Records to process Start Marker

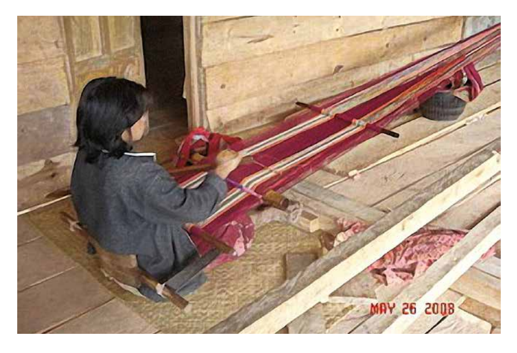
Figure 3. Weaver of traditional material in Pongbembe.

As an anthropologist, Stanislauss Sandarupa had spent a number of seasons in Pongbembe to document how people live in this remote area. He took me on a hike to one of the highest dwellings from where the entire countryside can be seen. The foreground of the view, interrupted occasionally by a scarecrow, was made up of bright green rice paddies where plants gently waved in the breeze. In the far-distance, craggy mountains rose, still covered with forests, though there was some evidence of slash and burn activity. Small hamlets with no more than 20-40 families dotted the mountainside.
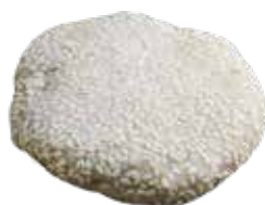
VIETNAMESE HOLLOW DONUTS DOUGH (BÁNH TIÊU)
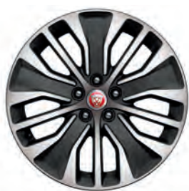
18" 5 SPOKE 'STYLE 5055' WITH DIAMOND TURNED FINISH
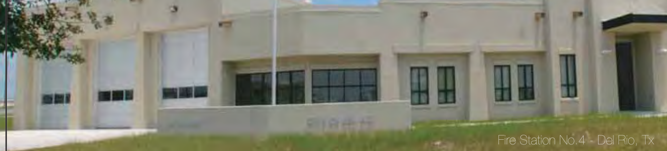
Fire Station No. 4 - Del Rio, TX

Records to process End Marker
Records to process Start Marker

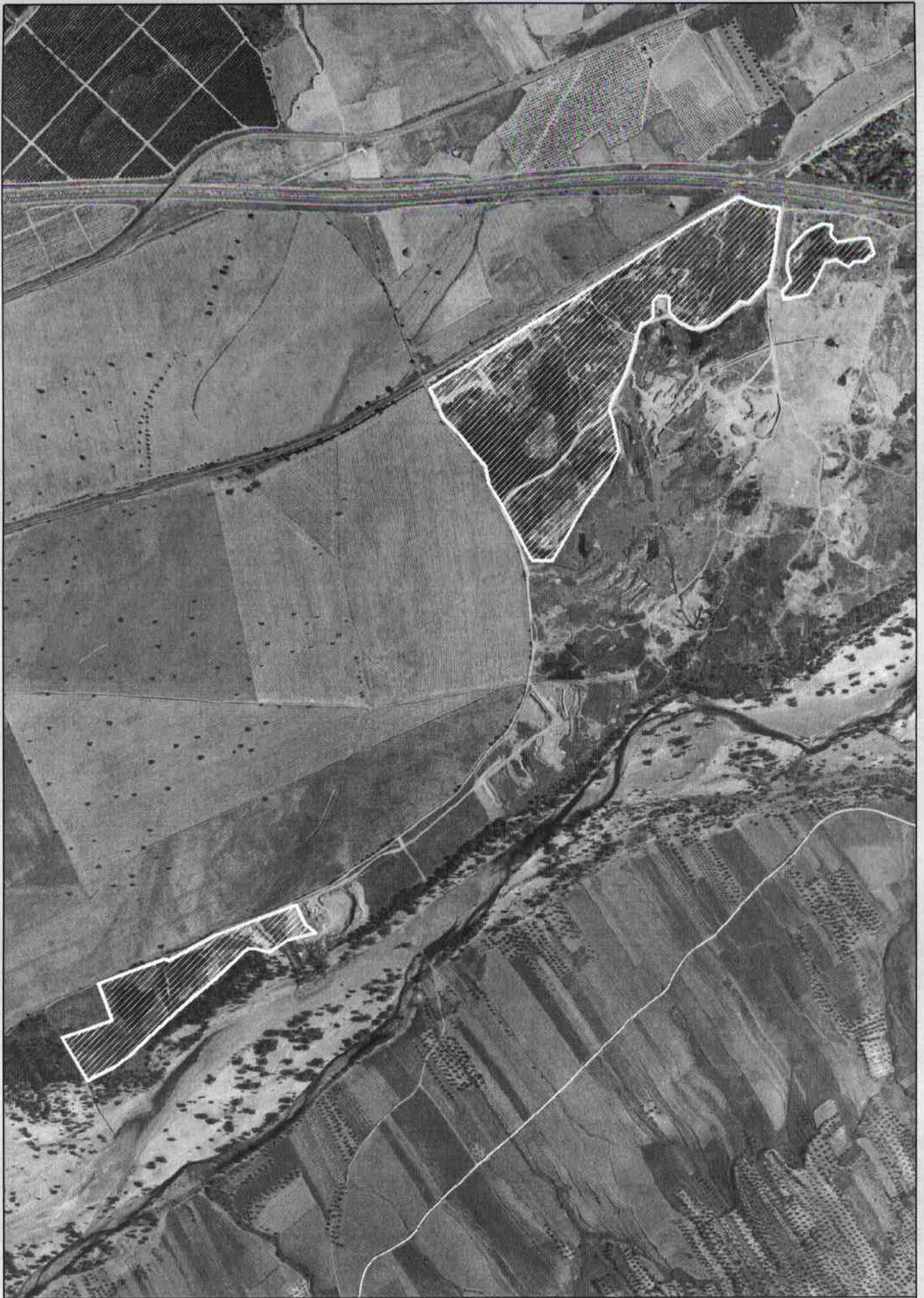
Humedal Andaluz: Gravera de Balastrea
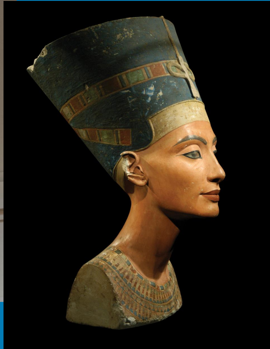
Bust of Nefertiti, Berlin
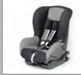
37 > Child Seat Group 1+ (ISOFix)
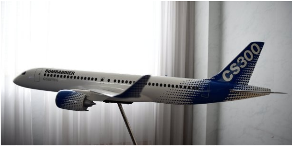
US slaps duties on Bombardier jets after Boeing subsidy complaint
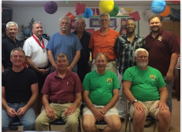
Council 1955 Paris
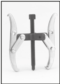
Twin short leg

Records to process End Marker
Records to process Start Marker

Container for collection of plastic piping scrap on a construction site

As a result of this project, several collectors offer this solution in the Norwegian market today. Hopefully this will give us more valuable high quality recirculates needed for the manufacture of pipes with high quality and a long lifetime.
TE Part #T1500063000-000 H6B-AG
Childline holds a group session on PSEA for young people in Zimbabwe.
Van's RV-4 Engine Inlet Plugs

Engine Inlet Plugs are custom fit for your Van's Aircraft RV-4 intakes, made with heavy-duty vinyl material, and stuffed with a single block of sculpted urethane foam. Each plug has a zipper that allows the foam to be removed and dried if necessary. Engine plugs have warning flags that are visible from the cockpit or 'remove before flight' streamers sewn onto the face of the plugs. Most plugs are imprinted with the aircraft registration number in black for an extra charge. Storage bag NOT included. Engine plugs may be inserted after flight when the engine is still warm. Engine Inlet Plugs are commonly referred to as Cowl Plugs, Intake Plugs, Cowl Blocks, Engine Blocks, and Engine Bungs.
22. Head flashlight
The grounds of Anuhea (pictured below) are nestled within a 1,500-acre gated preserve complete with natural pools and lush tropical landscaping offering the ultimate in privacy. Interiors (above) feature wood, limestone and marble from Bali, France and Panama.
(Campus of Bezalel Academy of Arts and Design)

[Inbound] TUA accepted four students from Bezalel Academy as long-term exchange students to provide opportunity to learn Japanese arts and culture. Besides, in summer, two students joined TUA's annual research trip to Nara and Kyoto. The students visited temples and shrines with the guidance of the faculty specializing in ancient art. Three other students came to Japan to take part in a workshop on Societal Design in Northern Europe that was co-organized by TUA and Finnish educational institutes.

Records to process End Marker

Copy word for word the lines above, starting at the line containing "As an anthropologist, Stanislauss" and ending at the line containing "Fire Station No. 4 - Del Rio, TX", inclusive, with no pictures.

## Task result
As an anthropologist, Stanislauss Sandarupa had spent a number of seasons in Pongbembe to document how people live in this remote area. He took me on a hike to one of the highest dwellings from where the entire countryside can be seen. The foreground of the view, interrupted occasionally by a scarecrow, was made up of bright green rice paddies where plants gently waved in the breeze. In the far-distance, craggy mountains rose, still covered with forests, though there was some evidence of slash and burn activity. Small hamlets with no more than 20-40 families dotted the mountainside.
VIETNAMESE HOLLOW DONUTS DOUGH (BÁNH TIÊU)
18" 5 SPOKE 'STYLE 5055' WITH DIAMOND TURNED FINISH
Fire Station No. 4 - Del Rio, TX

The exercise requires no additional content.